## SUPPLIED INFORMATION

★ ★ ★ ★ ★ ★ ★

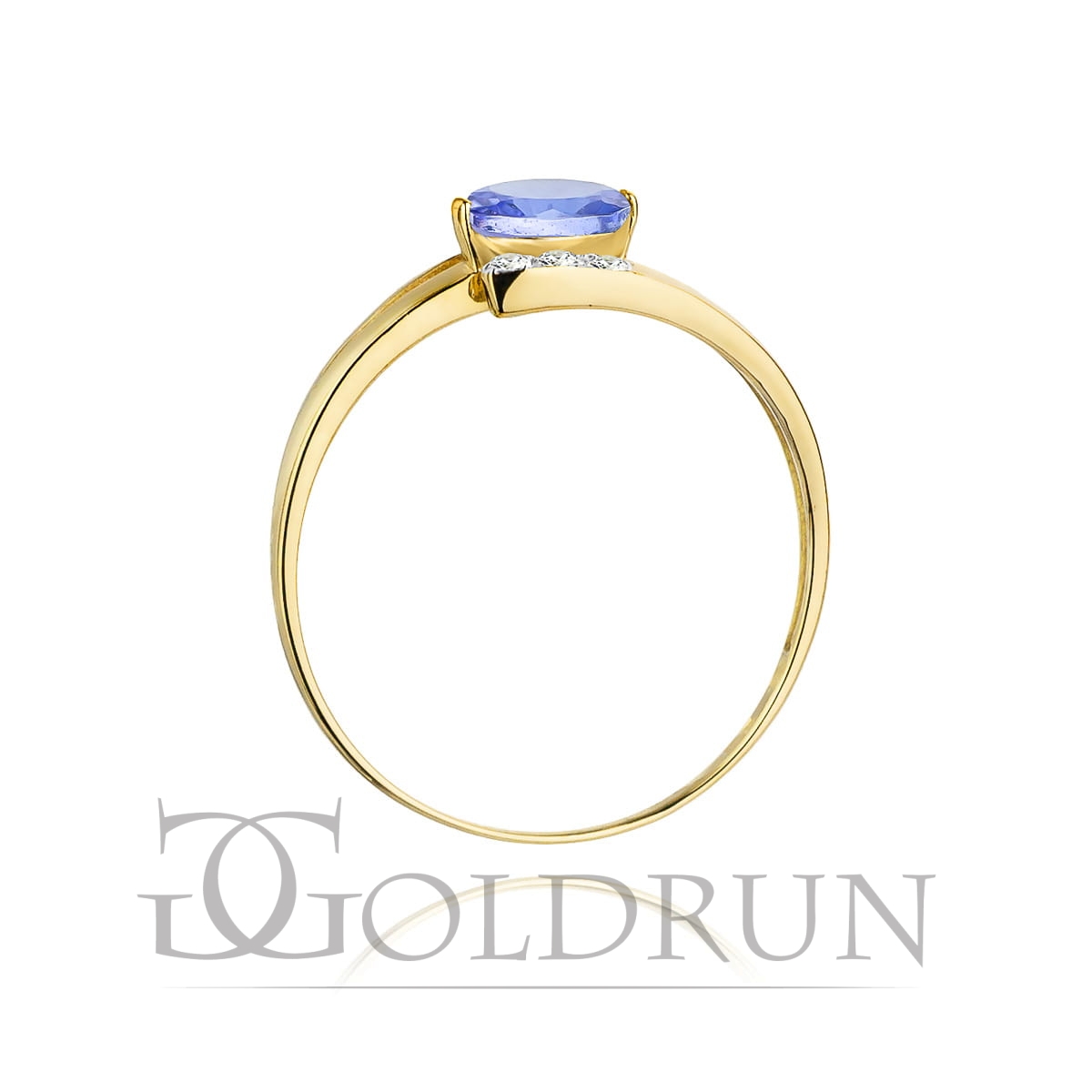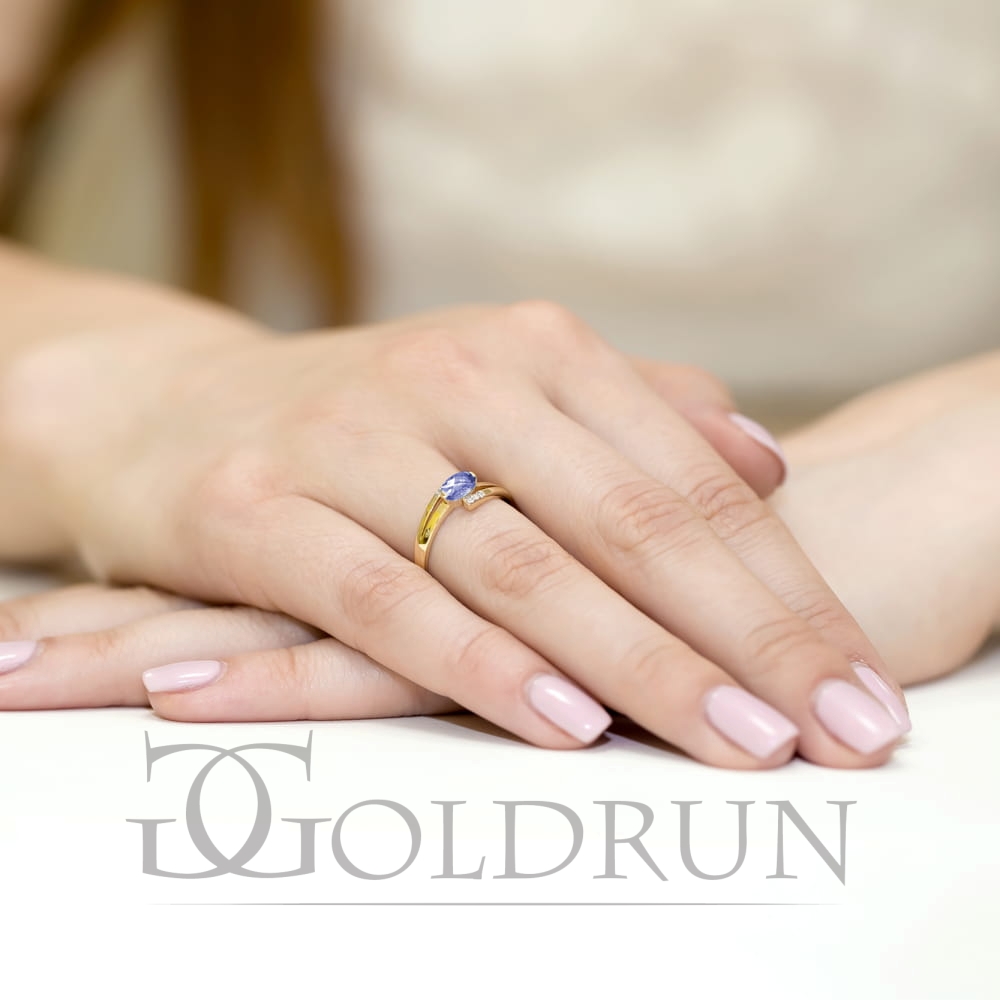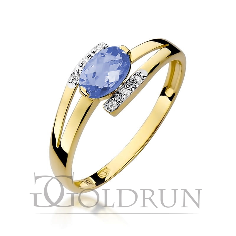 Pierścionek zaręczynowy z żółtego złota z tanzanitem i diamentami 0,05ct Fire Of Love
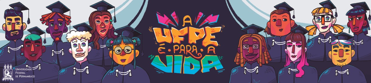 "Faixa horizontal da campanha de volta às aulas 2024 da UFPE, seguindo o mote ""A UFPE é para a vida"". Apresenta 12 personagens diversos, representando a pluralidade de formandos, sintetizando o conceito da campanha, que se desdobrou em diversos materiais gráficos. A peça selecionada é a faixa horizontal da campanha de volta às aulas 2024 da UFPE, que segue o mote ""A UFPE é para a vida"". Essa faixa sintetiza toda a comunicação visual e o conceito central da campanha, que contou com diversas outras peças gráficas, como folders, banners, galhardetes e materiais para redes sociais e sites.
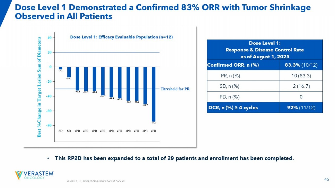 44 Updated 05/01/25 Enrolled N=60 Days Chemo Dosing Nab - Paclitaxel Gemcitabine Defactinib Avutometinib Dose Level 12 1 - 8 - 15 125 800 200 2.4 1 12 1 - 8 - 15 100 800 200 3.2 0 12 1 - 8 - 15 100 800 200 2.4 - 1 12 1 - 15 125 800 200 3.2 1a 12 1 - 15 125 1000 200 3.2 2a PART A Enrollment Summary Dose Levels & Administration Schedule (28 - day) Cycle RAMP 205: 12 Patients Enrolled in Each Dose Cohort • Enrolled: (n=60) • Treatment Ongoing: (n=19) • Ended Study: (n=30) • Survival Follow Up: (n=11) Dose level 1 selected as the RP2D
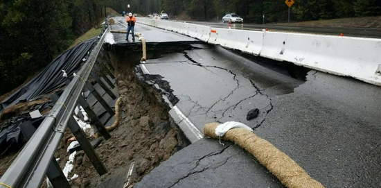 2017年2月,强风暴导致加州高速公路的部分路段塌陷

★ ★ ★ ★ ★ ★ ★

## ASSIGNED TASK
The line containing "44 Updated 05/01/25" and every line after it, through the end of the material above, are to be printed exactly; no pictures belong in the output.

## RESPONSE TO THIS TASK
 44 Updated 05/01/25 Enrolled N=60 Days Chemo Dosing Nab - Paclitaxel Gemcitabine Defactinib Avutometinib Dose Level 12 1 - 8 - 15 125 800 200 2.4 1 12 1 - 8 - 15 100 800 200 3.2 0 12 1 - 8 - 15 100 800 200 2.4 - 1 12 1 - 15 125 800 200 3.2 1a 12 1 - 15 125 1000 200 3.2 2a PART A Enrollment Summary Dose Levels & Administration Schedule (28 - day) Cycle RAMP 205: 12 Patients Enrolled in Each Dose Cohort • Enrolled: (n=60) • Treatment Ongoing: (n=19) • Ended Study: (n=30) • Survival Follow Up: (n=11) Dose level 1 selected as the RP2D
 2017年2月,强风暴导致加州高速公路的部分路段塌陷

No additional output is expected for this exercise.